Im Unterschied zu den bisher angebotenen Online Plattformen offeriere die patiens-online auch ein breites Konsumentenportal mit Community-Charakter. "Jeder Patient kann nach Angabe einer gültigen E-Mail-Adresse ein persönliches Ranking über Leistungen bei bestimmten Ärzten oder in Kliniken abgeben", sagte Heinz Ebner, Projektleiter von patients-online. "Neben der Auswahl an Diagnosen verfügt das Portal über 20.000 Gesundheitsadressen und über 500 themenspezifische Links mit Erklärungen, Behandlungsmethoden, und Angeboten", so Ebner. Die Plattform sei eine methodische Nutzung moderner Technologie.

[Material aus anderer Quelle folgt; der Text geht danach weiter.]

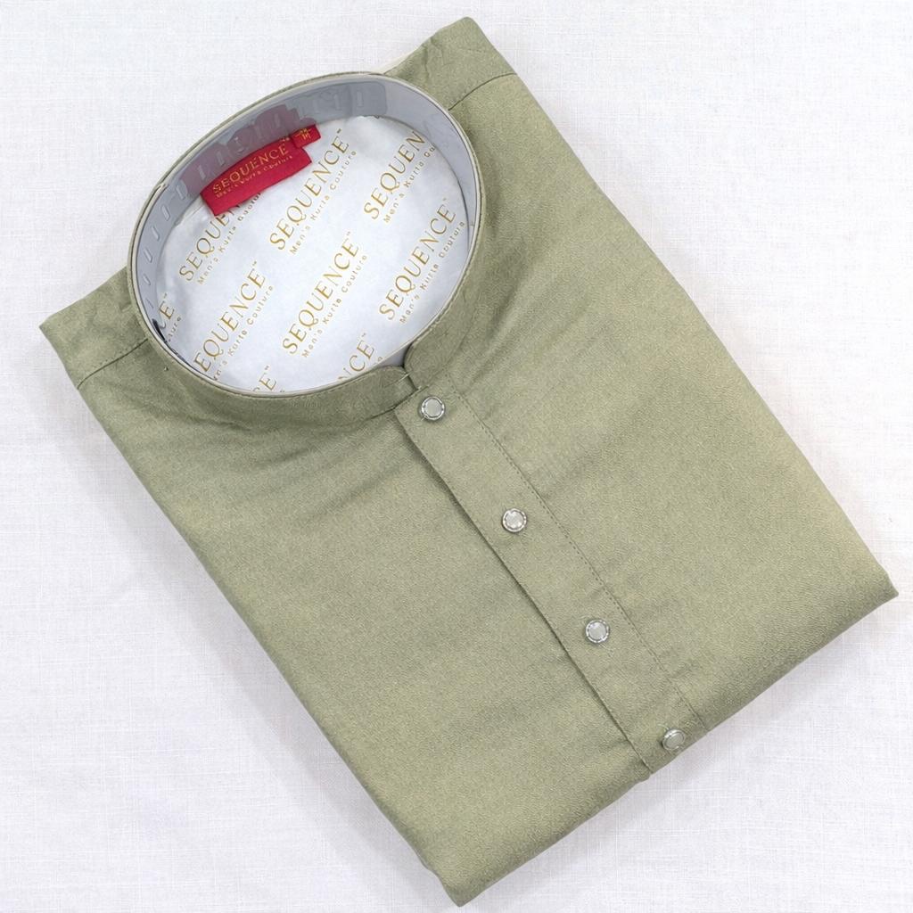 Keep it minimal and elegant with this sage green men’s designer kurta, designed in a subtle plain finish for a clean and refined look. The soothing color and simple styling make it a versatile choice for both festive and casual occasions.
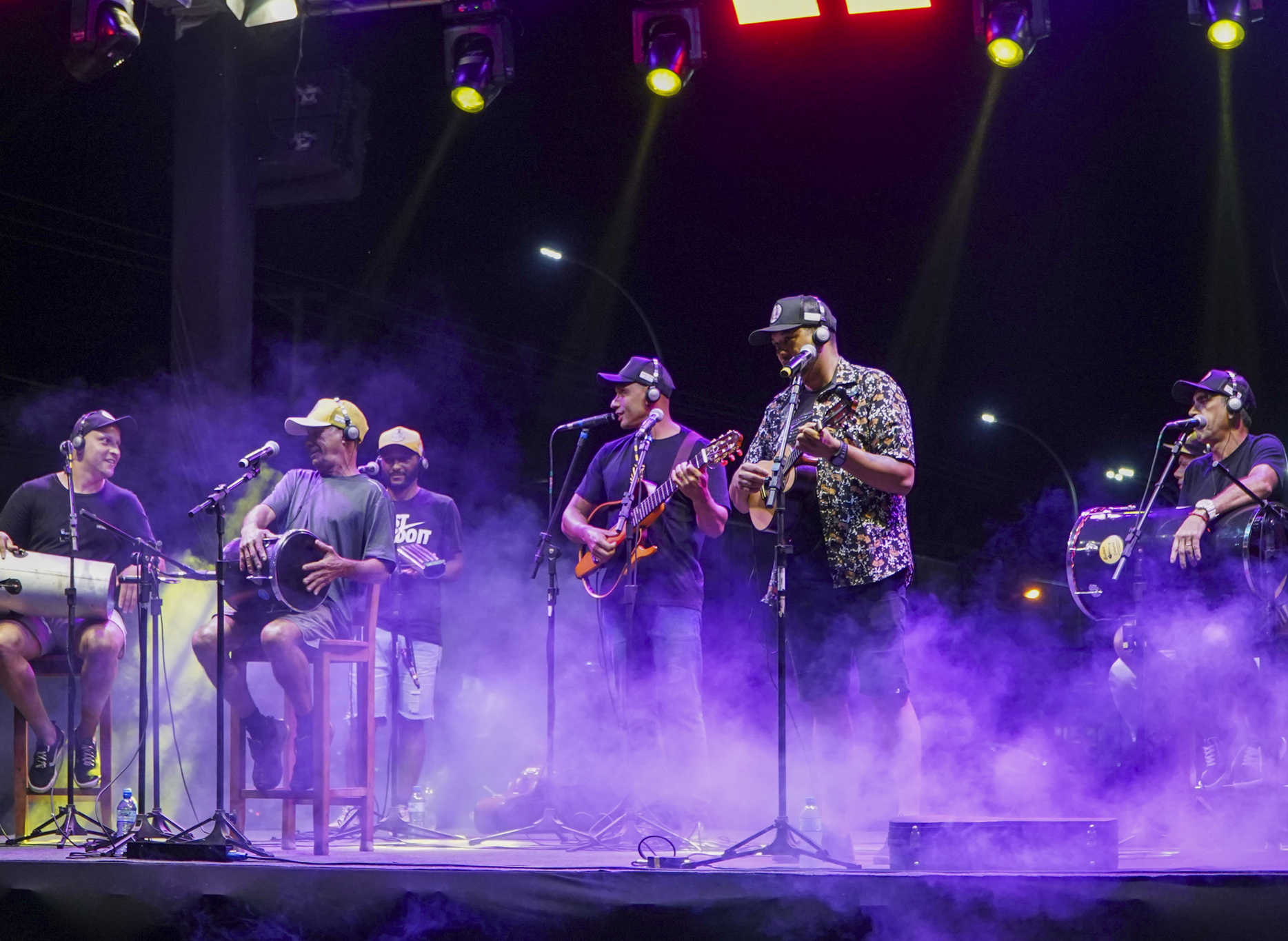 A programação começou às 20h, com a apresentação do Grupo Samba Caiçara, que abriu a festa embalando o público com clássicos do gênero e sucessos populares. Às 22h, a atração principal ficou por conta do cantor Lucas Morato, que subiu ao palco trazendo sua energia e repertório de sambas consagrados, animando moradores e turistas presentes.

"Die ärztezentrierte Sicht muss zugunsten einer patientenorientierten Sicht geändert werden", sagte Marcus Müllner, Internist am AKH-Wien und medizinischer Berater des Portals. In der Plattform werden nur wissenschaftlich belegte Therapien angeboten. Trotzdem bestehe fast immer die Möglichkeit der Wahl zwischen verschiedenen Therapien und Arzneimitteln. "Ärzte sollten in der Zwischenzeit respektieren, wenn Patienten verschiedene Therapien ablehnen. Die Plattform erklärt verschiedene mögliche Therapien", so Müllner. Darüber hinaus gebe es einen Newsroom, der über neue medizinische Erkenntnisse berichtet.

In der Zukunft soll patients-online auch auf Deutschland und England ausgeweitet werden. "Die Schaffung eines individuellen Managements für Gesundheitswesen ist dabei ein Ziel", so Ebner. "Das Bedürfnis sich zur medizinischen Behandlung zu äußern, ist jedenfalls sehr groß", sagt Köck. Das hätten vorangegangene Untersuchungen bestätigt.